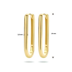 Geelgoud op 925 zilveren klapoorringen. De klapoorringen hebben een afmeting van 24x2mm.
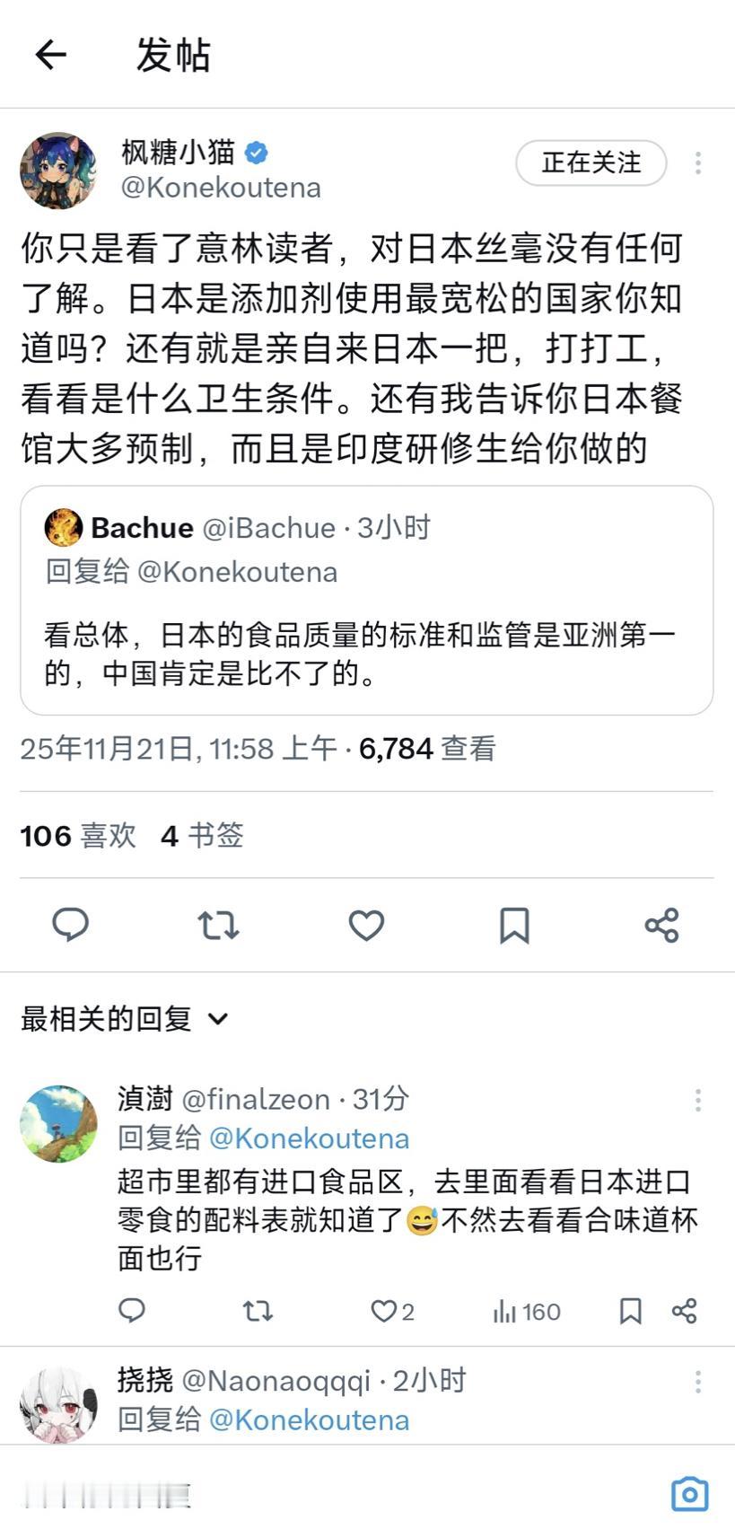 有在日本的网友发文表示:有些人觉得日本的食品质量标准和监管比较好,是看意林读者多了,而对日本丝毫没有任何了解,日本是添加剂使用最宽松的国家,如果你亲自去日本看看,打打工,你就会知道这里的卫生条件如何,日本餐馆里的饭菜大多是预制的,而且这些预制菜还是在日本研学的印度人给你做的。
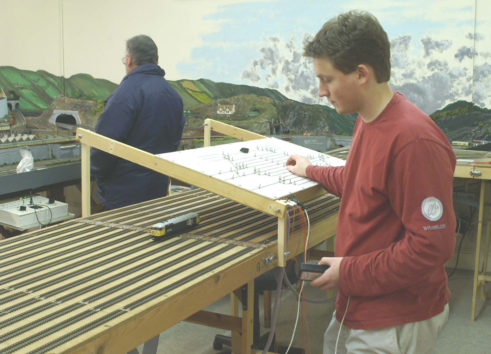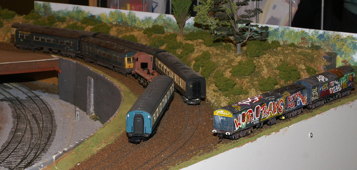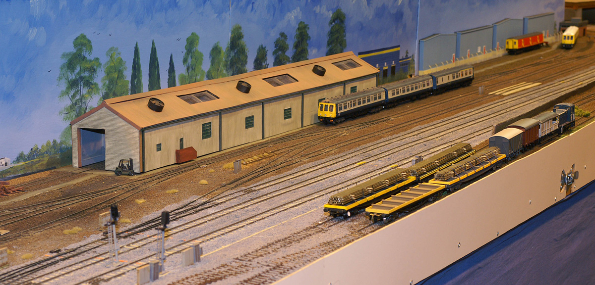 Addersleigh Junction is the name given to the new large OO-gauge layout, which is currently under construction. The layout features a double track main line tailchaser through an extensive fiddle year. The main feature on the scenic side is a DMU service depot. There is also a single track preservation line in the foreground.
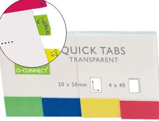 BANDERITAS SEPARADORAS Q-CONNECT 25X45 MM TRANSPARENTES Y COLOR PACK DE 4 CON 40 HOJAS
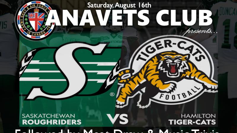 ANAVETS are hosting an event watching Riders vs Tiger Cats August 16 with Meat Draws and Music Trivia to follow.See the poster for details.
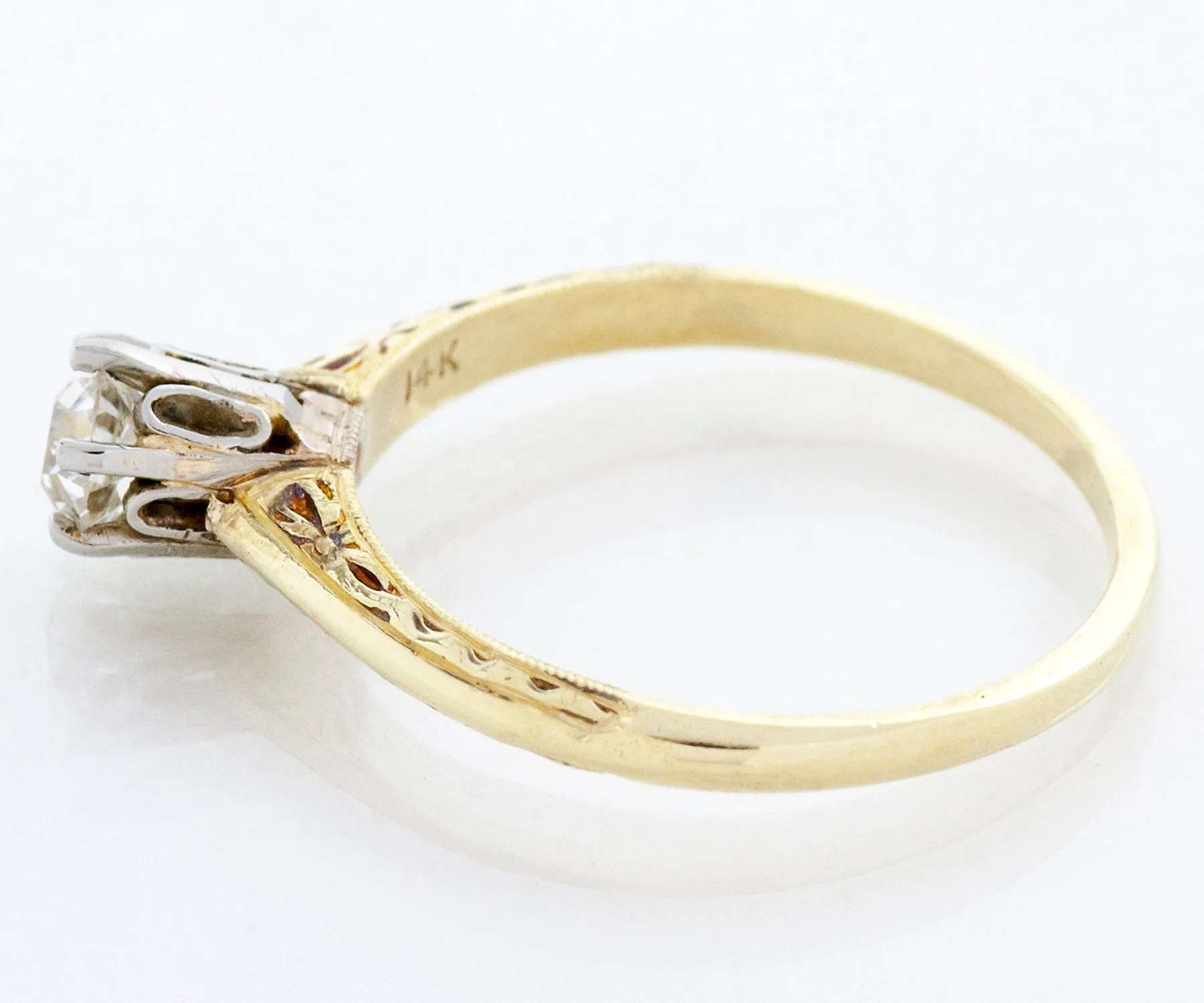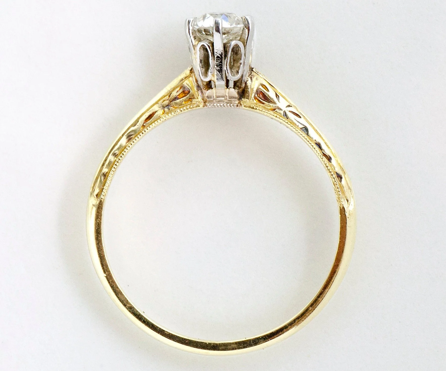 Antique Engagement Ring - Antique 14k Two-Tone Diamond Solitaire Engagement Ring 14k Yellow & White Gold European Cut Diamond =.35ct VS1/G Ring Size 6 (ring is sizable) Ring measures approximately 5.3mm at center, back of band is 1.4mm wide.
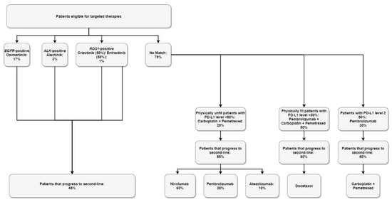 - Gierman, H.J.; Goldfarb, S.; Labrador, M.; Weipert, C.M.; Getty, B.; Skrzypczak, S.M.; Catasus, C.; Carbral, S.; Singaraju, M.; Singleton, N.; et al. Genomic testing and treatment landscape in patients with advanced non-small cell lung cancer (aNSCLC) using real-world data from community oncology practices. J. Clin. Oncol. 2019, 37, 1585. [Google Scholar] [CrossRef]
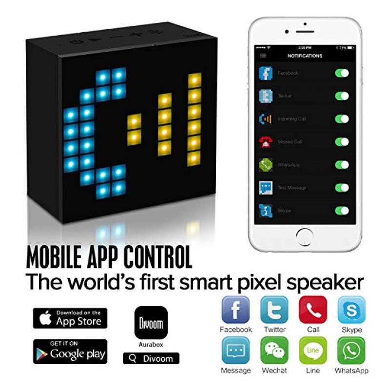The world's first smart pixel speaker! Superior sound quality smart bluetooth speaker with extra BASS. A world class 3” 5-watts speaker professionally tuned by Divoom. Equipped with the latest 3D digital calculation and low-range bass enchantment technology
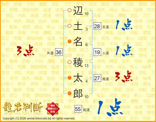 辺(19画)土(3画)名(6画) 稜(13画)太(4画)郎(10画)
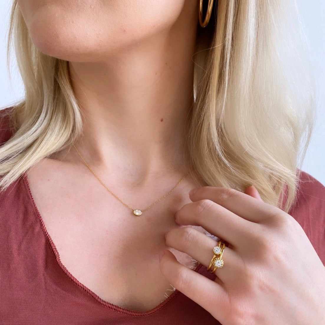 Beautifully detailed and set in 18K yellow gold, this Mia ring features a lovely channel set Forevermark diamond with a total carat weight of 0.26. It is perfect for stacking, wearing alone for an everyday look, or as an elegant engagement ring.
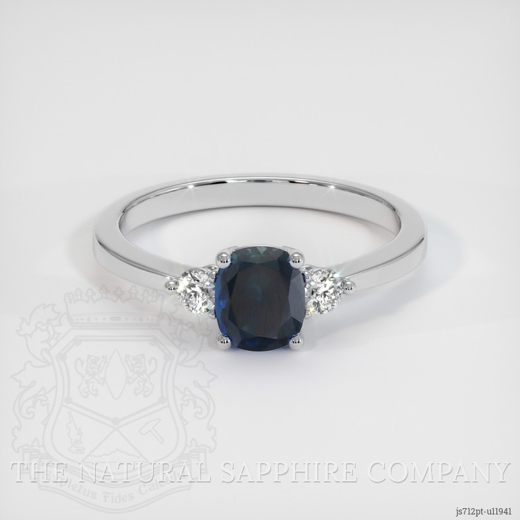 Three Stone Greenish Blue Sapphire Ring 1.07 Ct., Platinum 950
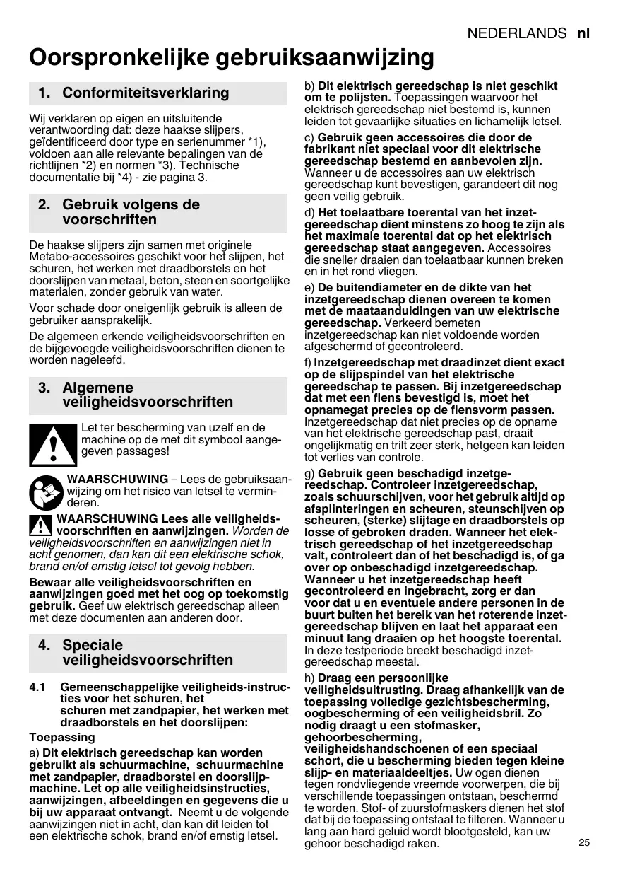 GEBRUIKSAANWIJZING W 1100-115 W 1100-125 W 1150-125 WP 1200-115 RT WP 1200-125 RT WE 1500-125 RT WE 1500-150 RT WEV 1500-125 RT WEV 1500-125 Quick RT METABO
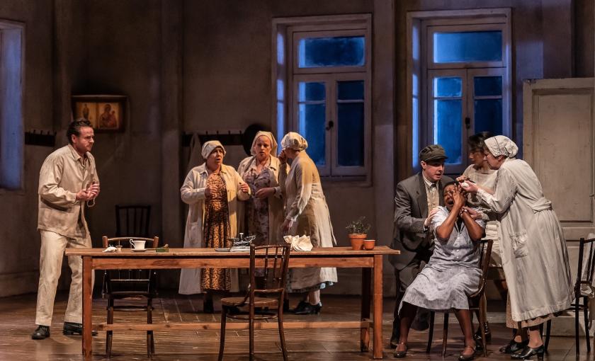 But this is generally an excellent cast, with Rhodri Prys Jones finding something almost likeable in the deeply unattractive character of Števa, and a whole series of sharp vignettes, including Sian Meinir's downtrodden Grandmother Buryja, Sion Goronwy’s seven-foot high, three-foot wide Mayor, and Francesca Saracino’s ghastly Karolka, just Števa’s type but not if he’s saddled with a dead bastard, thank you very much. The author of the original play, Gabriela Preissova, had lived among the sort of people she wrote about, and something of her vivid realism comes out also in Janáček’s minor characters, which may be one reason why British companies, often so strong in depth, play him so well.
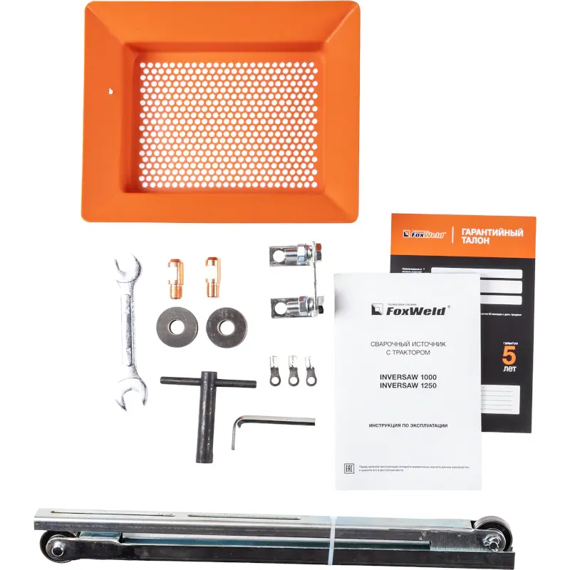 Сварочный трактор в комплекте с кабелем управления, сварочным и обратным кабелем, комплект наконечников и роликов подачи проволоки, упоры для сварки в лодочку и другие сопутствующие и расходные материалы позволяют быстро приступить к работе.

◆ WHAT YOU SHOULD DO: Your output should be the lines from the one with "Three Stone Greenish" through the end of the listing, copied exactly and with the pictures left out.

◆ SOLUTION FOR THIS PROBLEM:
 Three Stone Greenish Blue Sapphire Ring 1.07 Ct., Platinum 950
 GEBRUIKSAANWIJZING W 1100-115 W 1100-125 W 1150-125 WP 1200-115 RT WP 1200-125 RT WE 1500-125 RT WE 1500-150 RT WEV 1500-125 RT WEV 1500-125 Quick RT METABO
 But this is generally an excellent cast, with Rhodri Prys Jones finding something almost likeable in the deeply unattractive character of Števa, and a whole series of sharp vignettes, including Sian Meinir's downtrodden Grandmother Buryja, Sion Goronwy’s seven-foot high, three-foot wide Mayor, and Francesca Saracino’s ghastly Karolka, just Števa’s type but not if he’s saddled with a dead bastard, thank you very much. The author of the original play, Gabriela Preissova, had lived among the sort of people she wrote about, and something of her vivid realism comes out also in Janáček’s minor characters, which may be one reason why British companies, often so strong in depth, play him so well.
 Сварочный трактор в комплекте с кабелем управления, сварочным и обратным кабелем, комплект наконечников и роликов подачи проволоки, упоры для сварки в лодочку и другие сопутствующие и расходные материалы позволяют быстро приступить к работе.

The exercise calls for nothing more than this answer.